Вот тут-то он и вспомнил другие розовые кусты — кусты, не принадлежавшие миссис Стюарт и, следовательно, ничьи. Росли они в саду миссис Донахью, их соседки. И был, вообще говоря, способ добраться до этих бесхозных кустов. Последнее время Ламмокс подолгу обдумывал этот способ.
Вокруг всего участка Стюартов шла десятифутовая бетонная стена. Ламмокс никогда не пытался перелезть через эту стенку, хотя и поотщипывал кое-где от ее верхнего края. Но в дальнем углу границу участка пересекала дренажная канава, и там в стене был проем. Проем заделали здоровенной решеткой из деревянных брусьев восемь на восемь дюймов, скрепленных чудовищного вида болтами. Вертикальные брусья были вкопаны в дно канавы, и подрядчик, мастеривший этот шедевр, убедил миссис Стюарт, что решетка Ламмокса остановит. Да что Ламмокса, она и стадо диких слонов сдержит. И вообще остановит любое существо, лишь бы оно не могло проскользнуть между брусьев.

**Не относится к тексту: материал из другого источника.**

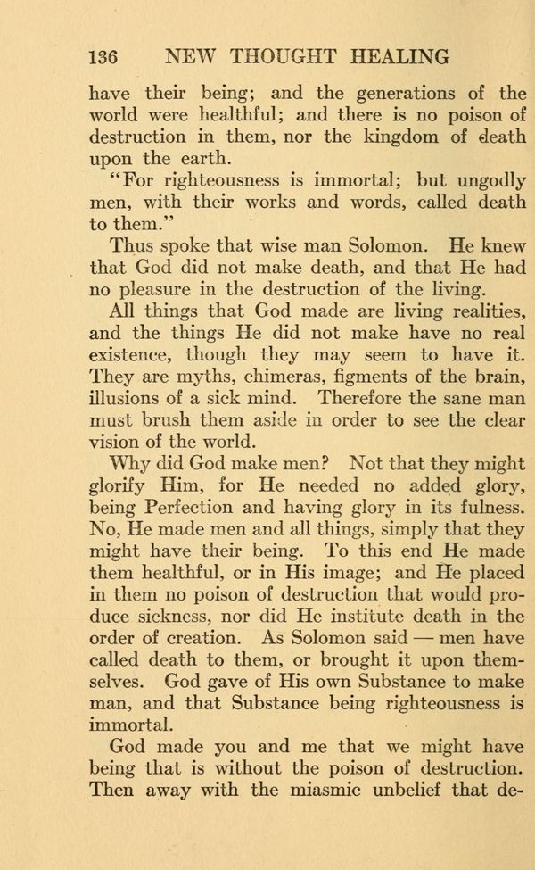 Why did God make men? Not that they might glorify Him, for He needed no added glory, being Perfection and having glory in its fulness. No, He made men and all things, simply that they might have their being. To this end He made them healthful, or in His image; and He placed in them no poison of destruction that would produce sickness, nor did He institute death in the order of creation. As Solomon said — men have called death to them, or brought it upon themselves. God gave of His own Substance to make man, and that Substance being righteousness is immortal.

Ламмокс знал, что подрядчик неправ, но его же никто не спрашивал — вот он и молчал. Что касается Джона Томаса, тот свое мнение тоже держал при себе, но, похоже, догадывался, что и как. Во всяком случае он твердо наказал Ламмоксу не ломать эту решетку.

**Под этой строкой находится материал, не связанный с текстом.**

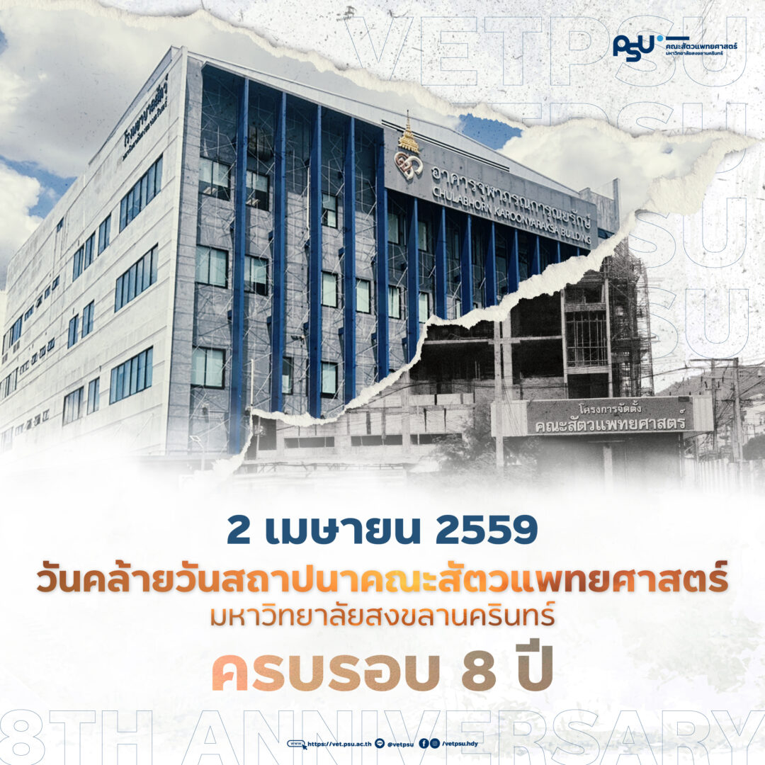 2 เมษายน 2559 วันคล้ายวันสถาปนาคณะสัตวแพทยศาสตร์ มหาวิทยาลัยสงขลานครินทร์ ครบรอบ 8 ปี“คณะสัตวแพทยศาสตร์ เป็นคณะเพื่อนวัตกรรม ที่มีความเป็นเลิศทางวิชาการ เป็นกลไกหลักในการพัฒนาสัตวแพทย์ภาคใต้และประเทศ”.#ฝ่ายวิเทศสัมพันธ์และสื่อสารองค์กรคณะสัตวแพทยศาสตร์ มหาวิทยาลัยสงขลานครินทร์ #VETPSULine : @vetpsu [ https://lin.ee/PpOe4Ps ]โทร : 0 7428 9600 More To Explore

Ламмокс послушался. Конечно, он попробовал ее на вкус, но брусья пропитали какой-то гадостью, и вкус поэтому был хуже некуда. После этого он быстро оставил решетку в покое.
А вот за природные явления Ламмокс не отвечал. Еще месяца три назад он заметил, что весенние дожди так размыли дно канавы, что два вертикальных бруса теперь едва доставали грунта. Ламмокс несколько недель обдумывал такое положение вещей, а потом выяснил, что от самого легонького толчка брусья эти вроде как раздвигаются снизу. И очень похоже, что толчок посильнее раздвинет их на достаточное расстояние и, главное, решетка при этом совсем даже не будет поломана.

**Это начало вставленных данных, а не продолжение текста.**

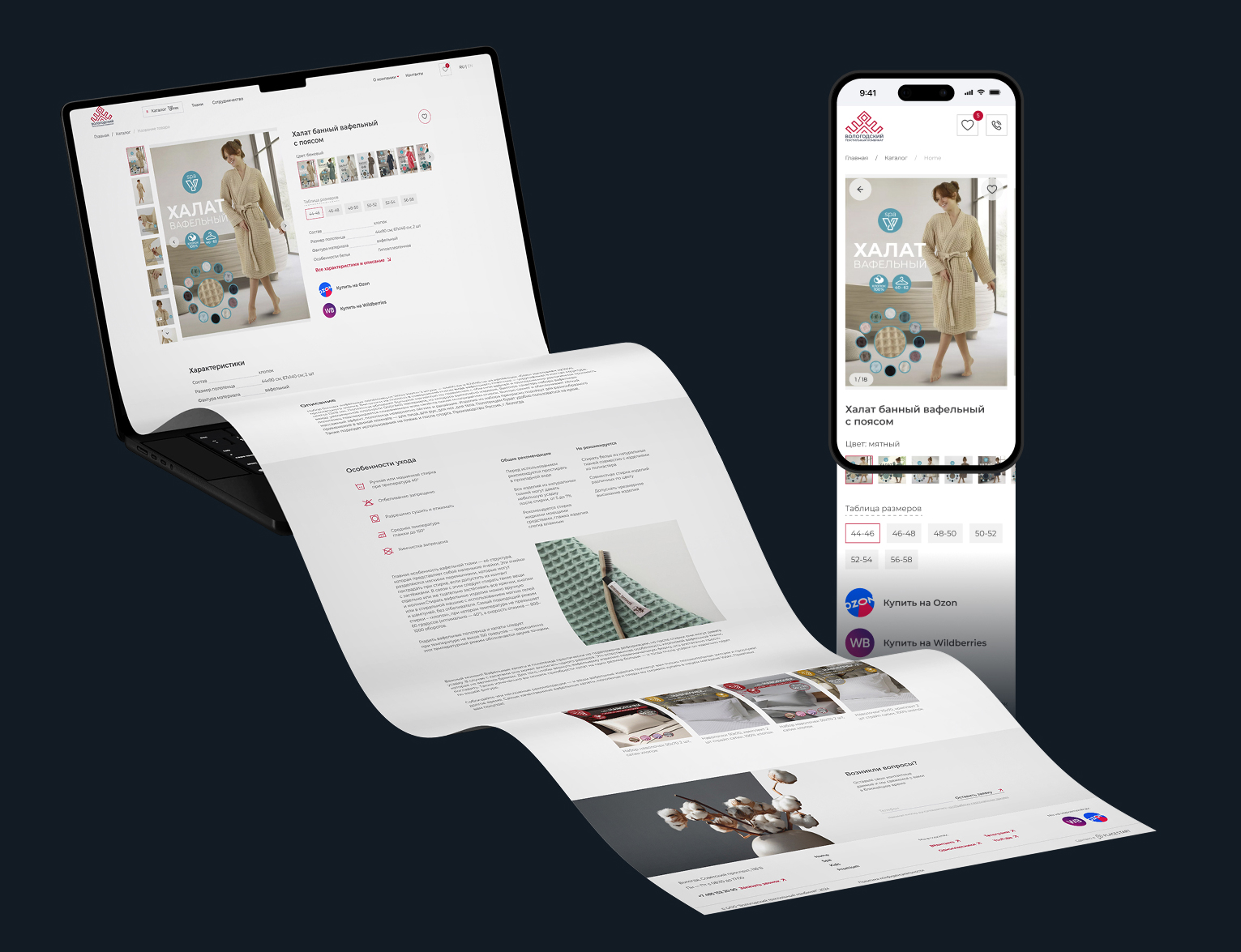 Мы разработали сайт интернет-магазин с полным каталогом продукции для Вологодского текстильного комбината, владеющим брендом VOTEX.

Ламмокс побрел проверить, как там сейчас. Последний дождь еще сильнее размыл дно канавы, один из брусьев вообще висел теперь в нескольких дюймах от земли, а другой — едва ее касался. Ламмокс широко ухмыльнулся, под стать огородному пугалу, и тихонечко, осторожненько просунул голову в щель между брусьями. И так же осторожно толкнул.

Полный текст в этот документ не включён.